Discipline is freedom. You may disagree with this statement, and if you do you are certainly not alone. For many people discipline is a dirty word that is equated with the absence of freedom. In fact the opposite is true. As Stephen R. Covey once wrote, “the undisciplined are slaves to moods, appetites and passions”. And in the longer term, the undisciplined lack the freedom that comes with possessing particular skills and abilities – e.g. to play a musical instrument or speak a foreign language.

Self-discipline involves acting according to what you think instead of how you feel in the moment. Often it involves sacrificing the pleasure and thrill of the moment for what matters most in life.
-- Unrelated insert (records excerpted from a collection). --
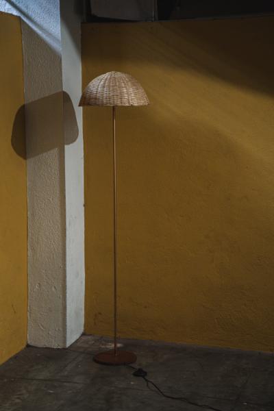 Gold Plain Jane floor lamp - Cane Punch Bowl Shade
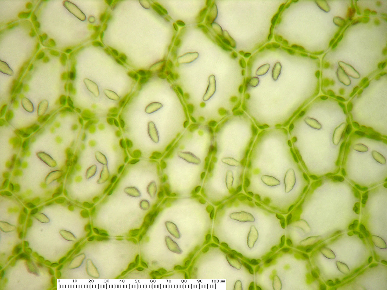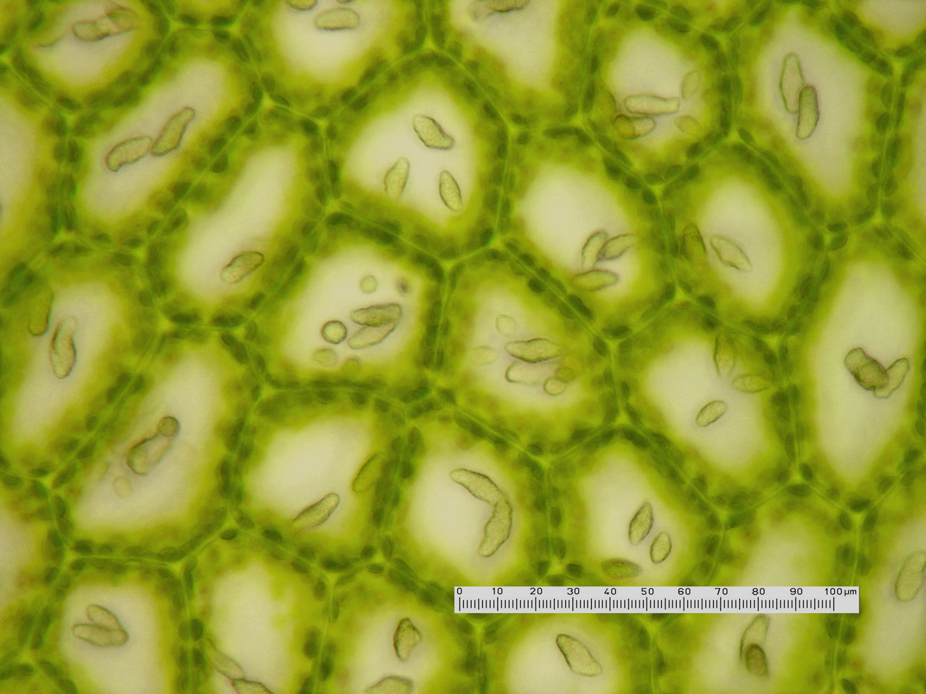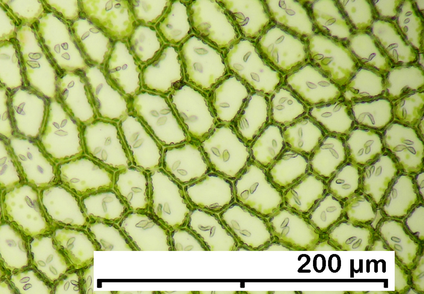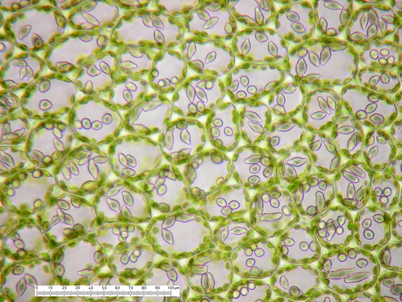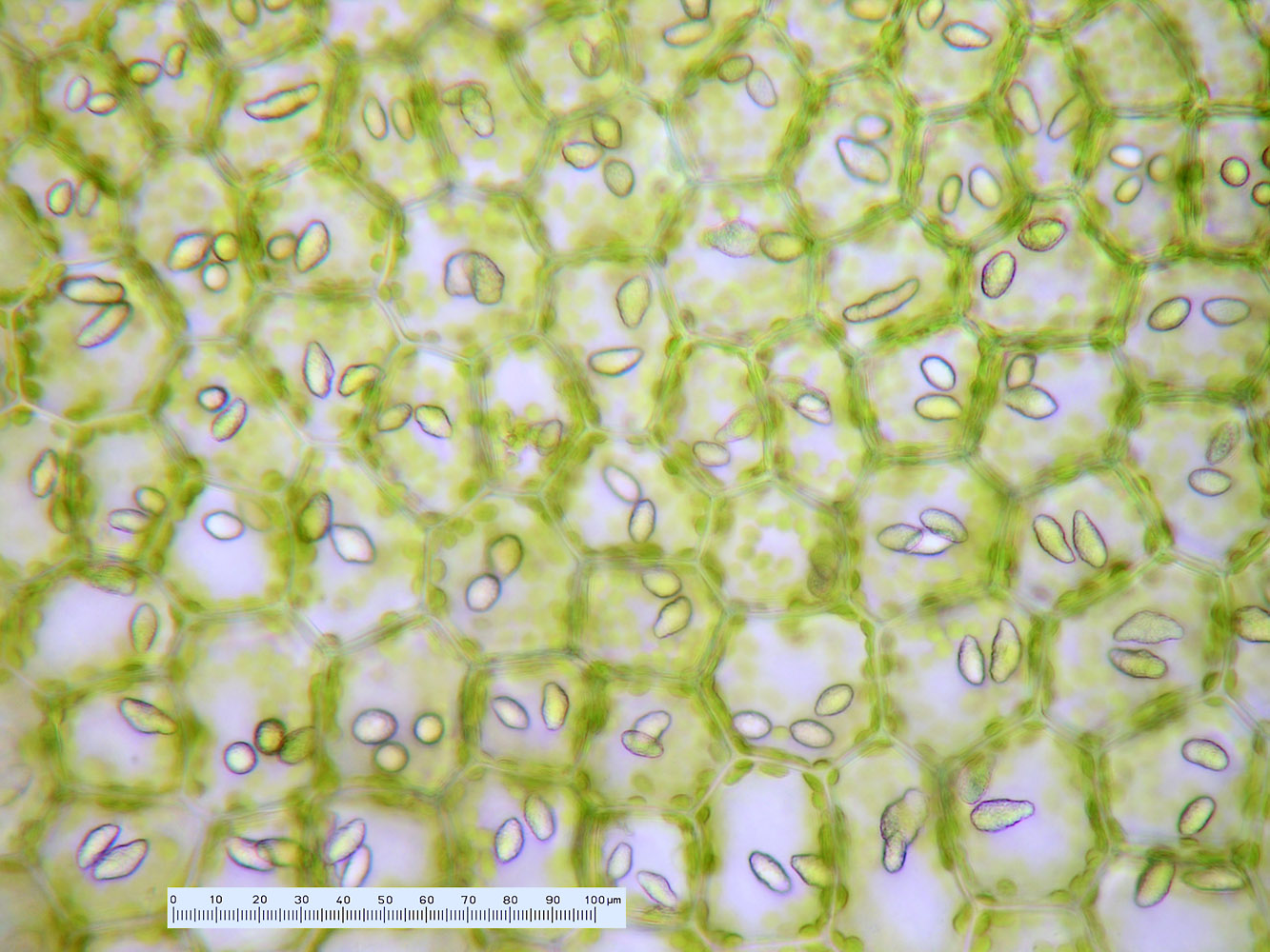 Jungermannia hyalina -- Median leaf cells showing oil bodies. Opal Creek, Marion County, Oregon, DHW m2131.
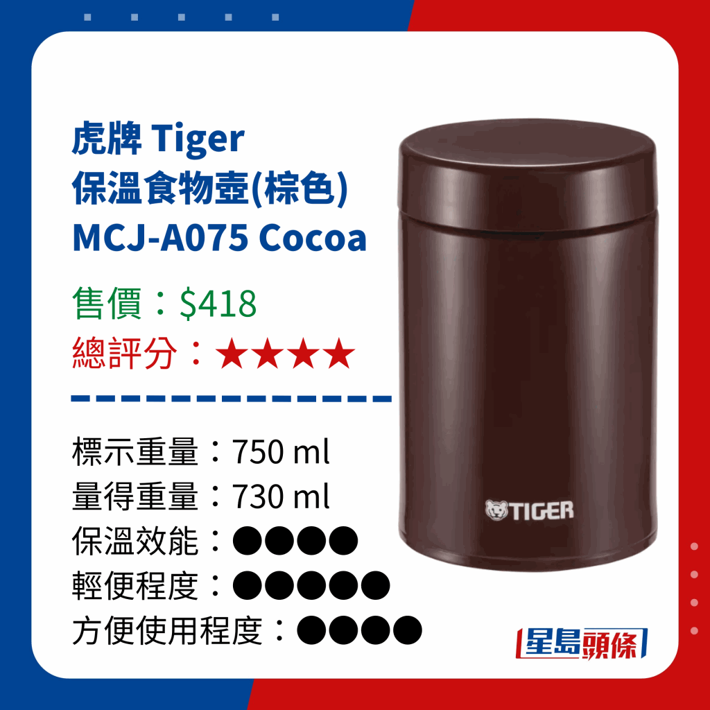 “虎牌Tiger”保溫食物壺MCJ-A075($418)

Therefore it is self-discipline that drives you to:

  • Work on an idea or project after the initial rush of enthusiasm has faded away
  • Go to the gym when all you want to do is lie on the couch and watch TV
  • Wake early to work on yourself
  • Say “no” when tempted to break your diet
  • Only check your email a few of times per day at particular times

In the past self-discipline has been a weakness of mine, and as a result today I find myself lacking the ability to do a number of things which I would like – e.g. to play the guitar. But I have improved, and I can say that it is self-discipline that got me out of bed this morning at 5am to run and then write this article. Believe me, I would love to be curled up in bed right now, but this desire is subordinated by my inner sense of purpose.

If you struggle with self-discipline, the good news is that it can be developed. For example, it is only in the past two years that I have trained myself to wake early. The following are what I have found to be the five traits of self-discipline:

1. Self-Knowledge

Discipline means behaving according to what you have decided is best, regardless of how you feel in the moment. Therefore the first trait of discipline is self-knowledge. You need to decide what behavior best reflects your goals and values. This process requires introspection and self-analysis, and is most effective when tied to written expression. I highly recommend taking the time to write out your goals, dreams and ambitions. Even better, write out a personal mission statement. I found that writing such a statement gave me a greater understanding of who I am, what I am about and what I value. Dr. Covey has an excellent Mission Statement Builder on his site.

2. Conscious Awareness

Self-discipline depends upon conscious awareness as to both what you are doing and what you are not doing. Think about it. If you aren’t aware your behavior is undisciplined, how will you know to act otherwise?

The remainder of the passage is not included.